Vor dem Landessozialgericht Baden-Württemberg wurde das Urteil aufgehoben. Das Gericht hatte Durchblick, denn es war der Meinung, dass ein Blindenführhund für einen extrem Sehbehinderten bzw. Blinden grundsätzlich ein geeignetes Hilfsmittel wäre, dieses sei in dem zu entscheidenden Fall unzweifelhaft auch erforderlich. Dies sei auch daran zu erkennen, dass die Klägerin auch nach dem absolvierten Mobilitätstrainings mit dem Blindenlangstock nachweislich unsicher war und Angst hatte sich außerhalb ihrer Wohnung frei zu bewegen. Die Vorteile eines Blindenführhundes seinen auch im unmittelbaren Nahbereich offensichtlich. Damit konnte die Dame sich zukünftig das „nette“ Tierchen auf Kosten der GKV leisten.

Nun wie sieht dieser Sachverhalt in der PKV aus?

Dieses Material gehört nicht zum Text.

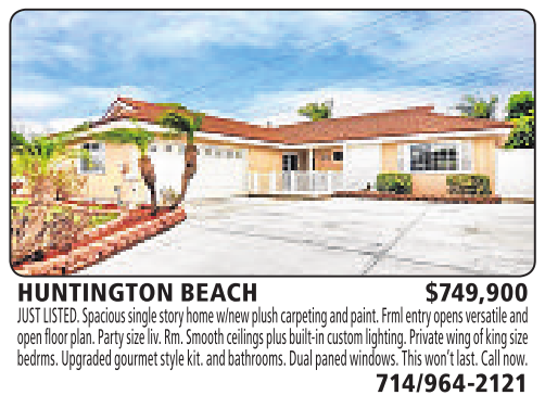 HUNTINGTON BEACH $749,900 JUST LISTED. Spacious singlestoryhome w/newplush carpeting andpaint. Frml entryopens versatileand openfloorplan. Partysize liv. Rm. Smooth ceilings plus built-in custom lighting.Private wing of king size bedrms.Upgraded gourmetstyle kit. and bathrooms. Dual panedwindows. This won’tlast. Call now.

Ich berate jeden Interessenten auf Grund der gewünschten Leistungen welche der PKV Interessent für notwendig erachtet, da ist unter anderem auch der Blindenführhund ein wichtiges Thema. Denn in der PKV wird im Zweifel nur das erstattet was in den Vertragsbedingungen vereinbart ist. Ist der Blindenführhund im Bereich des Hilfsmittelkataloges aufgeführt oder eben nicht. So sieht es im Grunde mit allen Leistungen aus, ob Hilfsmittel, Heilmittel, gemischte Anstalten, Kur oder auch Psychotherapie usw.

Mit diesen Themen muss sich ein PKV Interessent zwingend auseinandersetzten, falls nicht müssen die Leistungen, welche nicht in den Bedingungen des Tarifes aufgeführt sind, auch nicht von der PKV erstattet werden. Deshalb ist es wichtig nicht nur auf die offensichtlichen Leistungen, wie Chefarztbehandlung, Zahnersatz oder auch die Gebührenordnung zu achten!